→ **EXTRACTED RECORDS**:
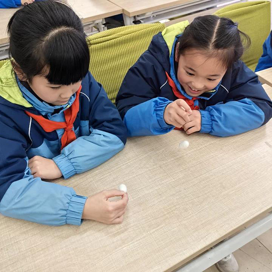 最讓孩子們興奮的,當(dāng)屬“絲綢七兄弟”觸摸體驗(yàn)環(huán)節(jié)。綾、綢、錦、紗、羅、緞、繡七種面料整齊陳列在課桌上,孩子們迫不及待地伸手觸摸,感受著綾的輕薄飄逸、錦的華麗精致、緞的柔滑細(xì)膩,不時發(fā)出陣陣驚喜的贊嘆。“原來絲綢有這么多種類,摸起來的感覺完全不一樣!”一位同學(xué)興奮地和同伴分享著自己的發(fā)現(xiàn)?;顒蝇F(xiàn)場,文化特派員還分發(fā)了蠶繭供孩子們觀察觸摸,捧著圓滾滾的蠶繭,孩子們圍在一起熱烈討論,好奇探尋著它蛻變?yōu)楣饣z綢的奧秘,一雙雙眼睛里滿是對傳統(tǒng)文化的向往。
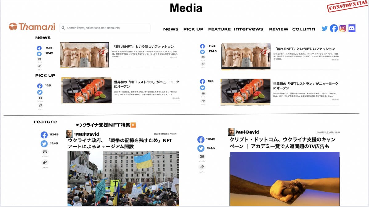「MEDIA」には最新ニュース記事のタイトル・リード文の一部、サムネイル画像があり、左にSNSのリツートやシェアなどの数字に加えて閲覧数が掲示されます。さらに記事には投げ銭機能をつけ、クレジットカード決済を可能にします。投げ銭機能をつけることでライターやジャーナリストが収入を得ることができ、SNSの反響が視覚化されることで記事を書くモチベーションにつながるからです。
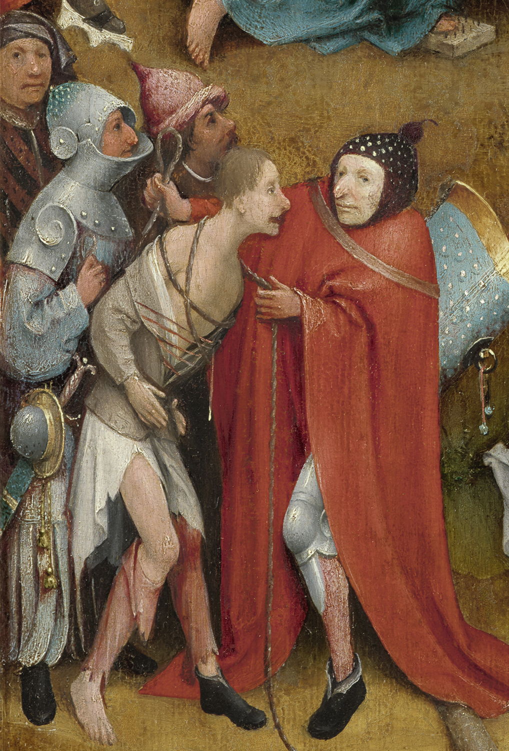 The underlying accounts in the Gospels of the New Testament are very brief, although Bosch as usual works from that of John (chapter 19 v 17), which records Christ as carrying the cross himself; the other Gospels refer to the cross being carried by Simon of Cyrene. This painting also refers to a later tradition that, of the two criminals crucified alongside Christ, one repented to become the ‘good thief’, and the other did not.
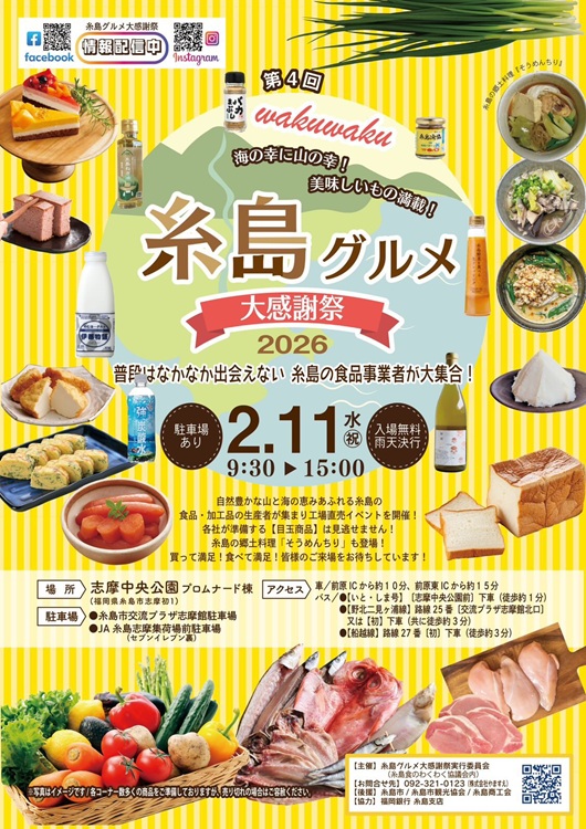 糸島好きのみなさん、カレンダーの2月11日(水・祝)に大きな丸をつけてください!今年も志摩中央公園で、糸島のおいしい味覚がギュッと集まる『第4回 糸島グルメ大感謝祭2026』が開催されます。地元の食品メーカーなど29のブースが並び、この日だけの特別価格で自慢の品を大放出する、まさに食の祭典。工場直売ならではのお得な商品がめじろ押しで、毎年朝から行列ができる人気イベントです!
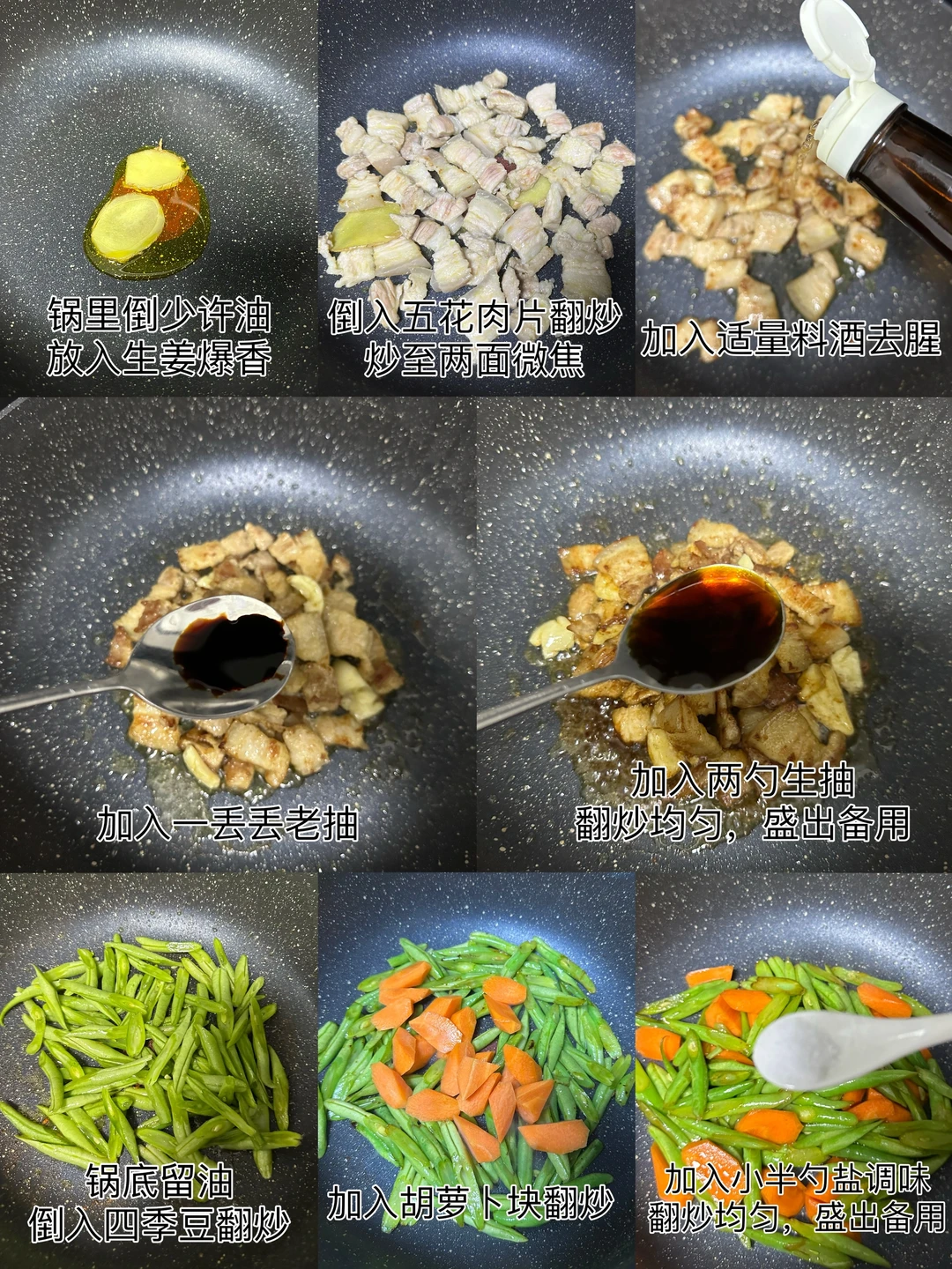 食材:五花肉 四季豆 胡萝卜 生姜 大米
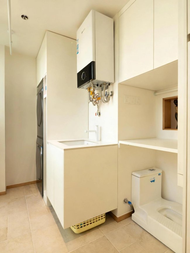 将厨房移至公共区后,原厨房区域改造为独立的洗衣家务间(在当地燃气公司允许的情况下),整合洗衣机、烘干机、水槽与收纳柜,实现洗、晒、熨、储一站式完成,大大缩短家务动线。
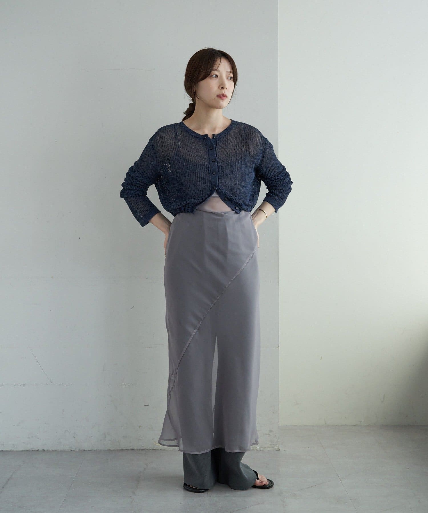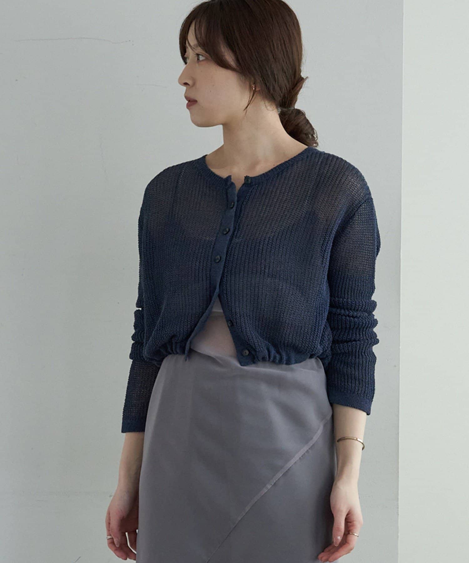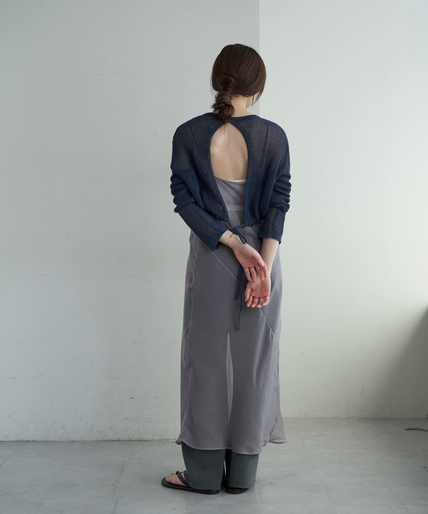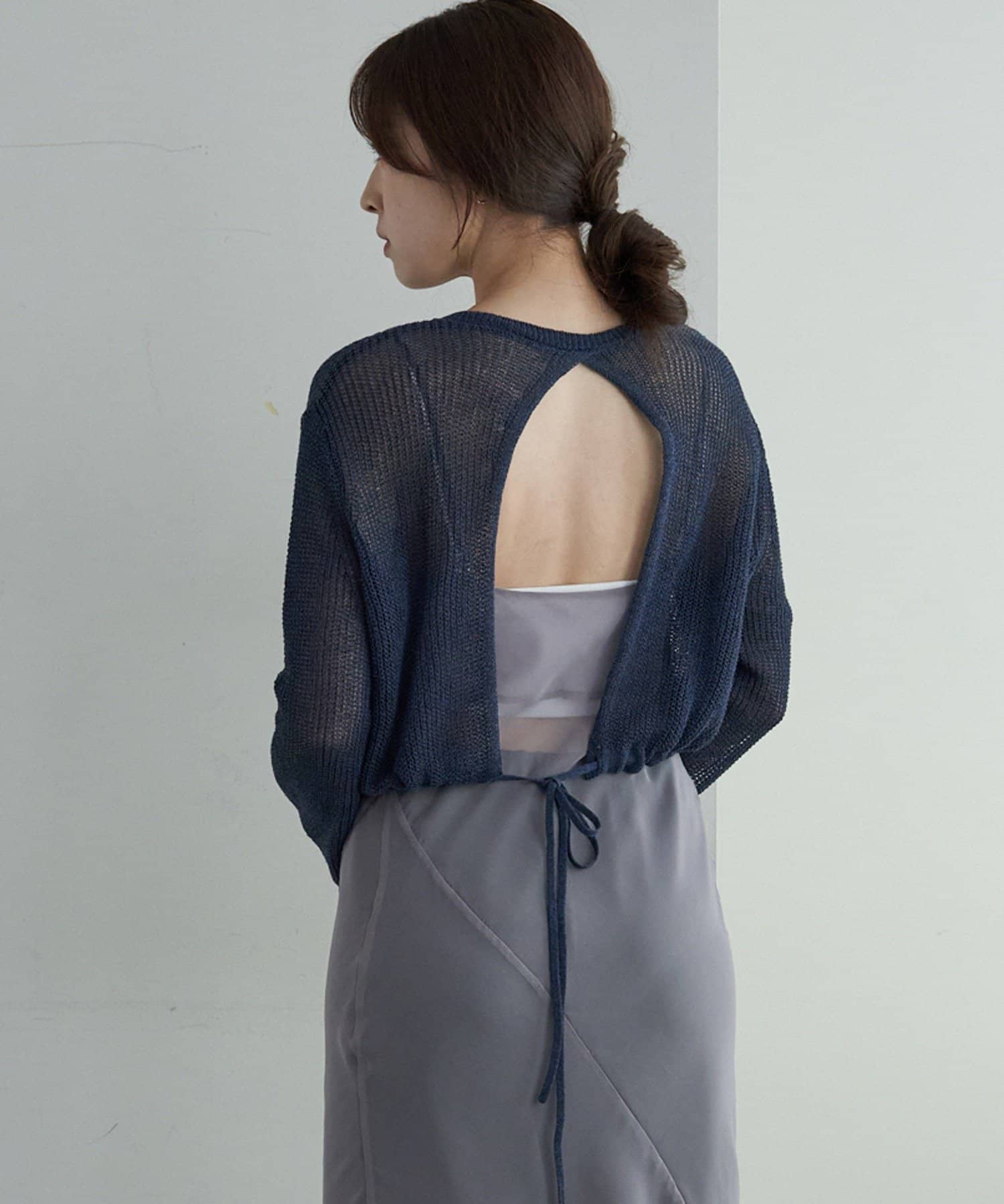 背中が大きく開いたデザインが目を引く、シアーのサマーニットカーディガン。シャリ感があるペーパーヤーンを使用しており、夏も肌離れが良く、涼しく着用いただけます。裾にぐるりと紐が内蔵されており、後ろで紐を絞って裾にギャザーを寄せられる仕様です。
...
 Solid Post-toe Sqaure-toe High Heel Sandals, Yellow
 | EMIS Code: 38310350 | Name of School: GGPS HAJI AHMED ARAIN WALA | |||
...
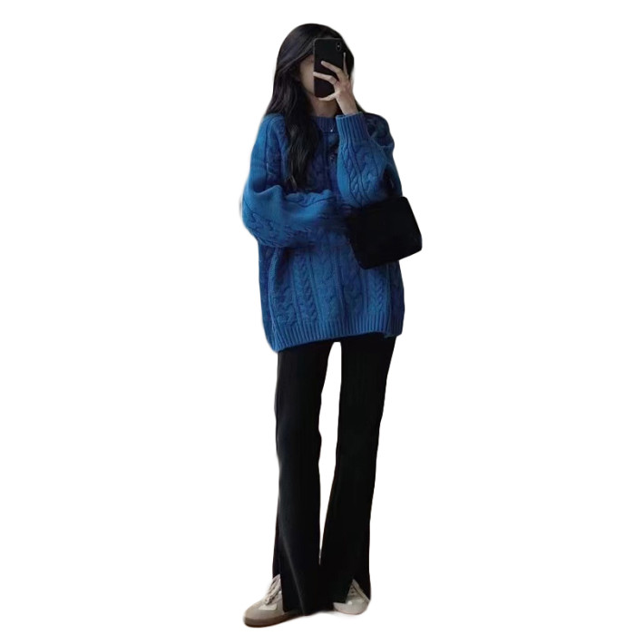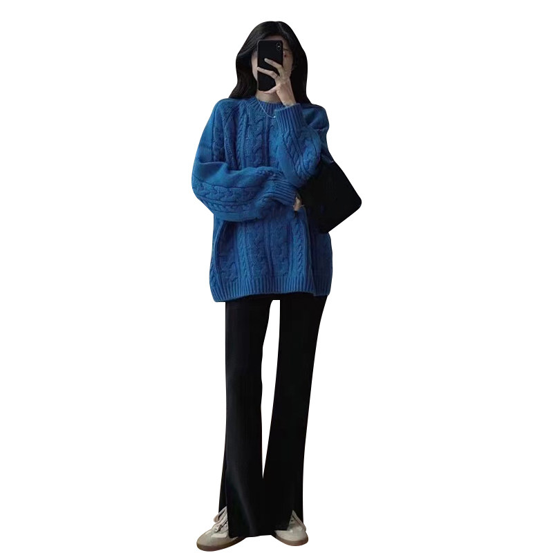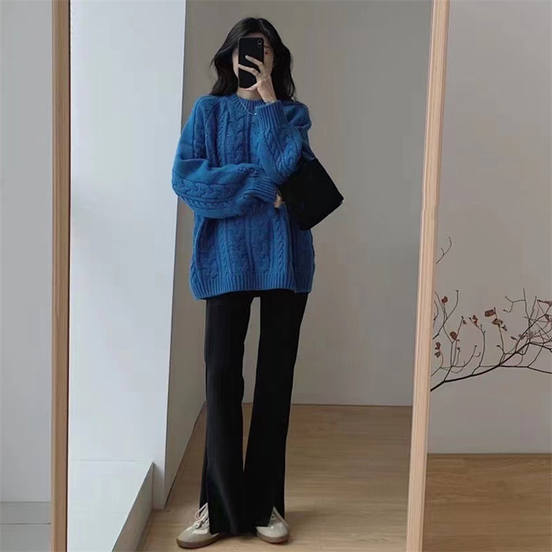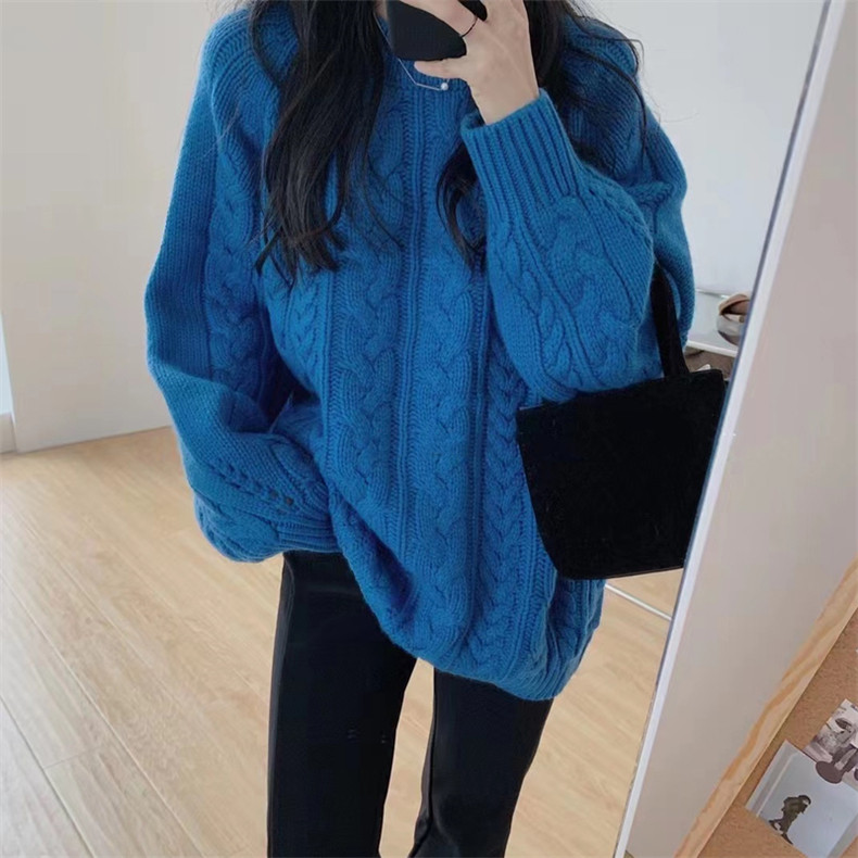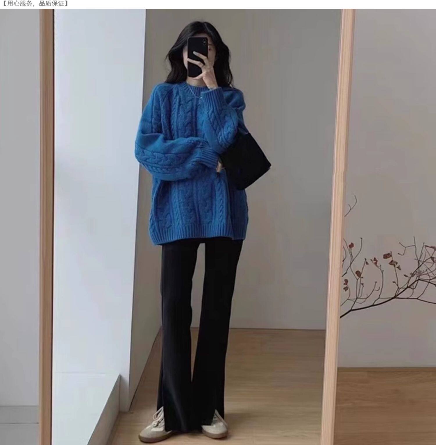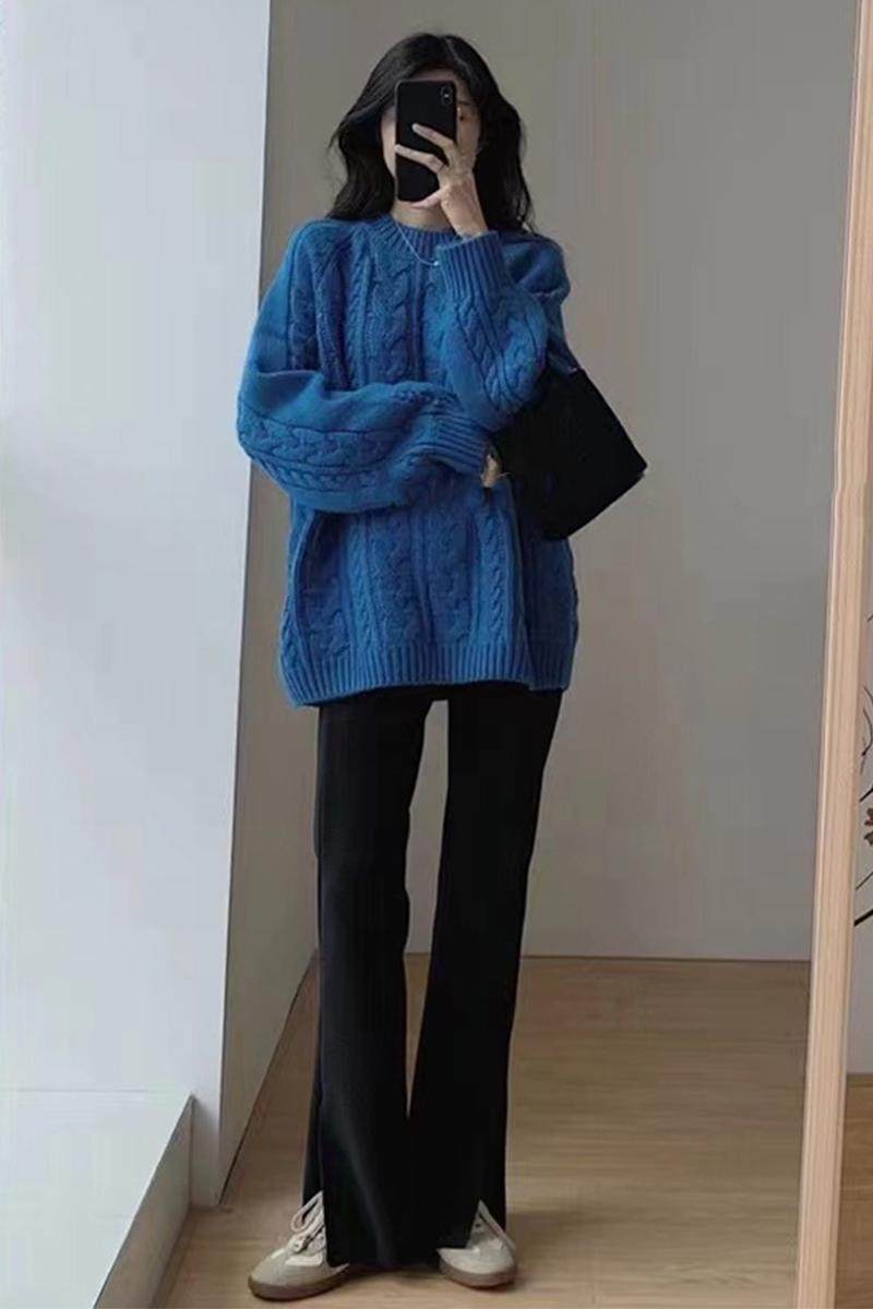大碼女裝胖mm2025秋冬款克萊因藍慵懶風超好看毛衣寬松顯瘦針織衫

→ **PROBLEM DESCRIPTION**:
Working from the records above, write out verbatim only the lines from the line containing "Solid Post-toe Sqaure-toe" through the line containing "ARAIN WALA | |||".

→ **TASK SOLUTION**:
 Solid Post-toe Sqaure-toe High Heel Sandals, Yellow
 | EMIS Code: 38310350 | Name of School: GGPS HAJI AHMED ARAIN WALA | |||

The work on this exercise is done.